The lines from the top of the material below through the line containing "Перемешайте. Должно получиться" are to be printed exactly, with pictures omitted.

###

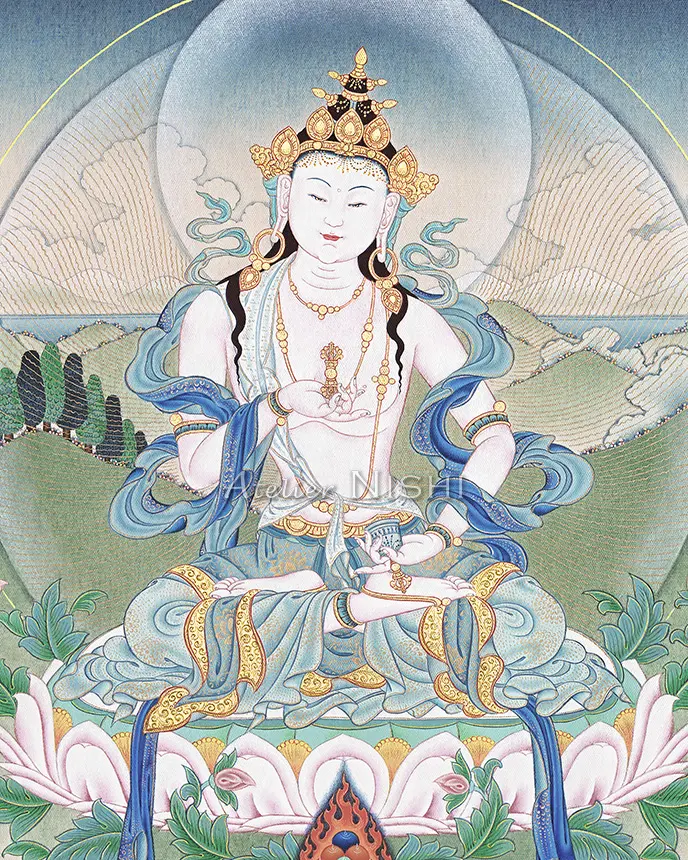 His luminous presence—often compared to a crystal or to snow-covered mountains gleaming under sunlight—is rendered with clarity in this painting. In keeping with these metaphors, the artwork intentionally minimizes the warm hues commonly found in traditional thangkas, resulting in a cool, radiant palette that enhances Vajrasattva’s pure and serene essence.
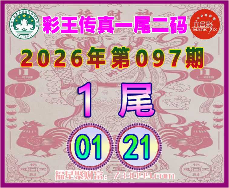 097期:【彩王传真】 ⛩️一尾二码⛩️【1尾主:01.21】开:11准
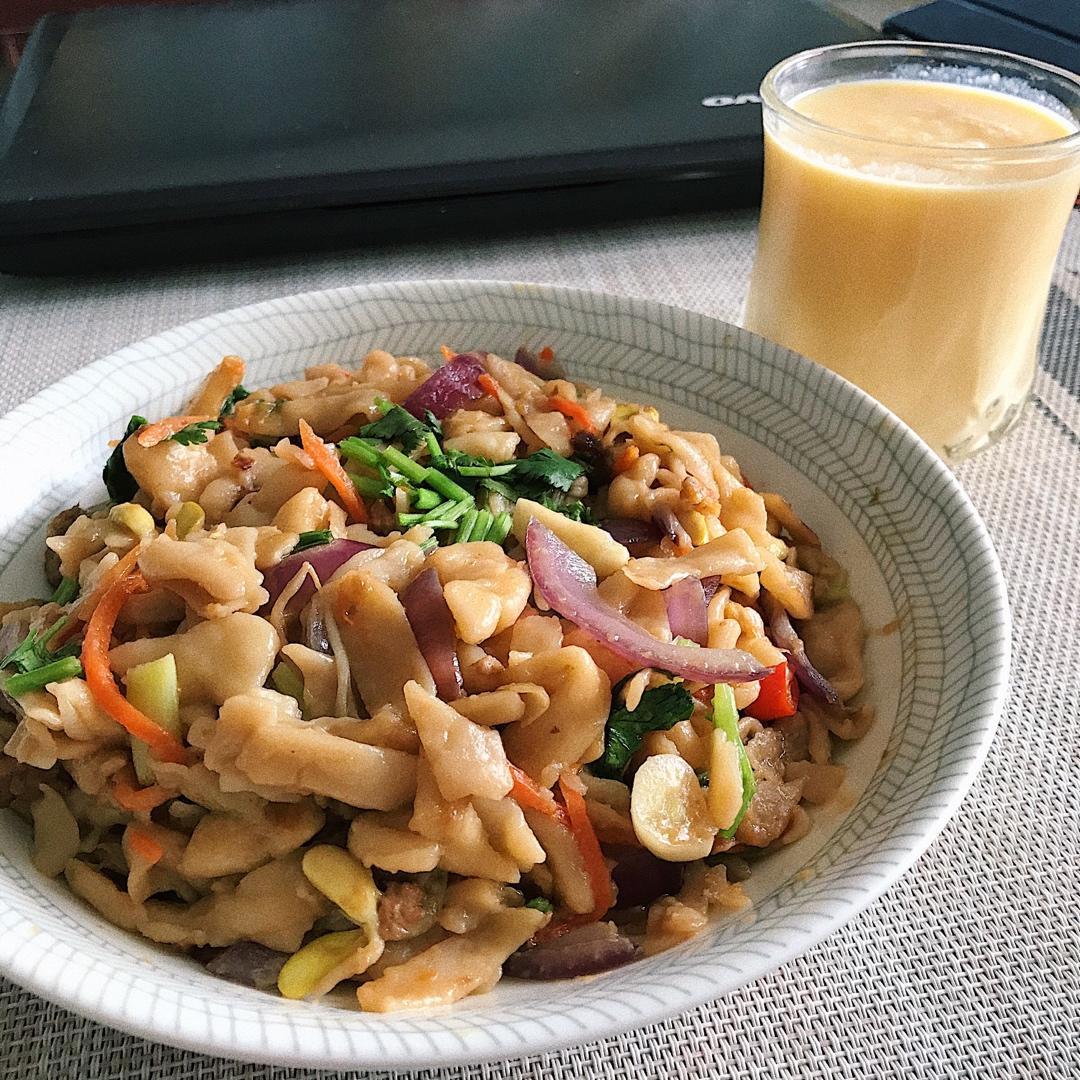 昨天吃炸酱面剩的面条 把所有材料准备好 神仙炒面就安排上了!
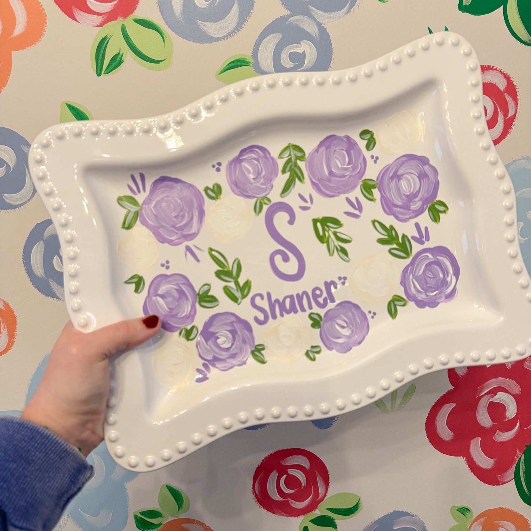 Our all-season hand-painted floral platters are designed to be both beautiful and meaningful—made to gather around for everyday moments and special celebrations alike. Each platter features Sarah’s signature floral artwork, thoughtfully painted by hand and personalized with your monogram and last name for a truly custom keepsake.
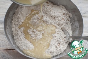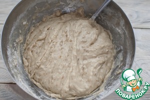 Перемешайте. Должно получиться нежное липковатое тесто.
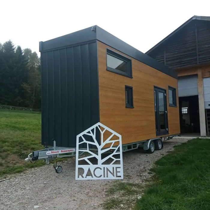 C’est la toute première de la famille Racine. Une Tiny house compacte de 6 mètres de long, au look moderne et autonome. Elle possède un atout unique : son toit sur glissière permet de découvrir complètement l’habitat afin de profiter des nuits d’étés à la belle étoile. Une innovation brevetée ! Cela permet d’améliorer le confort d’été en ouvrant le toit afin d’avoir un flux d’air dans toute la Tiny. La grande mezzanine propose un lit double, et il est possible de transformer le canapé en lit double afin d’accueillir 2 personnes supplémentaires.
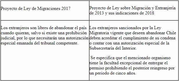 En cuanto a los mecanismos enmarcados en el modelo de gobernanza migratoria de securitización, el proyecto de Sebastián Piñera va más allá que el de Michelle Bachelet. Sobre el egreso de extranjeros, la propuesta de Bachelet plantea que se prohibirá la salida de aquellos migrantes que hayan violado la ley vigente, a menos que cuenten con la autorización de un tribunal competente; mientras que la de Piñera indica que la excepción solo se podrá dar con el permiso de la Subsecretaría del Interior. Por tanto, la segunda es considerablemente más discrecional, porque adjudica a un organismo administrativo, no judicial, la facultad de expedir salvoconductos para la salida del país a extranjeros con antecedentes penales.

###

• RESPONSE FOR THIS EXERCISE
 His luminous presence—often compared to a crystal or to snow-covered mountains gleaming under sunlight—is rendered with clarity in this painting. In keeping with these metaphors, the artwork intentionally minimizes the warm hues commonly found in traditional thangkas, resulting in a cool, radiant palette that enhances Vajrasattva’s pure and serene essence.
 097期:【彩王传真】 ⛩️一尾二码⛩️【1尾主:01.21】开:11准
 昨天吃炸酱面剩的面条 把所有材料准备好 神仙炒面就安排上了!
 Our all-season hand-painted floral platters are designed to be both beautiful and meaningful—made to gather around for everyday moments and special celebrations alike. Each platter features Sarah’s signature floral artwork, thoughtfully painted by hand and personalized with your monogram and last name for a truly custom keepsake.
 Перемешайте. Должно получиться нежное липковатое тесто.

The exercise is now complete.